Compromise of Popular NPM Packages Debug and Chalk

At a glance

• Supply Chain Attack Targeting NPM Debug and Chalk Packages.
• Malicious Code Injected into Popular NPM Packages
• Backdoored package versions designed to intercept crypto/Web3 wallet activity and redirect funds to attacker-controlled addresses.

Observation Summary

• A recent supply chain attack compromised two widely used NPM packages, Debug and Chalk, after an attacker gained access to a maintainer’s account through a phishing campaign. Malicious code was injected into updated versions of these packages, designed to target browser environments and intercept cryptocurrency wallet transactions.
• The affected versions were quickly removed, but the incident highlights the growing risks of open-source dependency compromises.

What's Happening

• Attackers sent a phishing email from a fake domain (support@npmjs.help).
• The NPM packages “Debug” and “Chalk”, along with several dependencies were compromised after the attacker phished the maintainer’s credentials.
• The attacker achieved account takeover by sending a fake NPM support email prompting the maintainer to reconfigure 2FA, leading to full package publishing access.
• The maintainer’s npm account was compromised. A malicious version of these packages was uploaded to the NPM registry, containing obfuscated JavaScript code that executed under specific conditions.
• The payload was designed to activate only in browser environments, checking for objects like window and window. ethereum (commonly used in crypto wallets).
• Once triggered, the malware intercepted and modified cryptocurrency wallet API calls, potentially redirecting transactions to attacker-controlled addresses.

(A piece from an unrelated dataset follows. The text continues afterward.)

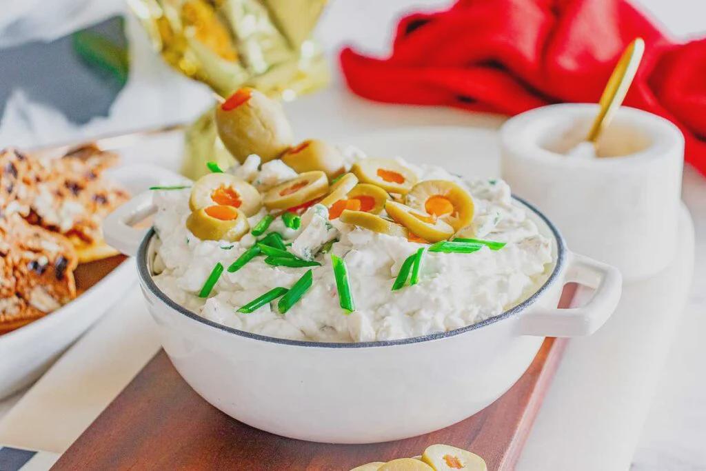 Whether or not you like to sip on a dirty martini cocktail, this **martini-inspired dip** is sure to please your palate if you enjoy creamy dip recipes and the taste of olives.

Indicators of Compromise (IOCs)

• Malicious versions: debug@4.4.2, chalk@5.6.1, ansi-styles@6.2.2
• Phishing domain: npmjs.help
• Malicious code behaviour: obfuscated scripts checking for “window.ethereum“and hooking into wallet transaction functions.

Why It Matters

• The compromised packages are foundational in the JavaScript ecosystem, with billions of weekly downloads, meaning a vast number of projects and developers were potentially affected.
• The malicious code specifically targeted cryptocurrency wallet transactions, creating a direct risk of fund theft for end-users and applications interacting with Web3 technologies.
• Developers and organizations rely on open-source packages, and such attacks undermine trust in widely used libraries.
• Organizations may face downtime, remediation costs, and reputational risk while auditing dependencies and ensuring no compromised versions remain in use.

Recommendations

User Awareness

• Be cautious of phishing emails claiming to be from NPM or support teams.
• Avoid clicking links or providing credentials in suspicious emails.
• Report any suspicious activity or unexpected prompts to the security team.
• Understand that even trusted open-source software can be a vector for attacks.

Technical Defence

• Check all projects to see if they are using the affected package versions.
• Downgrade or lock packages to versions that are known to be safe.
• Delete node modules and lock files (package-lock. Json or yarn. Lock) and reinstall packages.
• Change any API keys, tokens, or wallet secrets that could have been exposed.
• Monitor any crypto wallets or transactions for unusual activity.
• Use multi-factor authentication (MFA) and hardware tokens for package publishing accounts.
• Wait for the community to confirm new package versions are safe before using them.
• Educate your team about supply chain attacks and safe package management practices.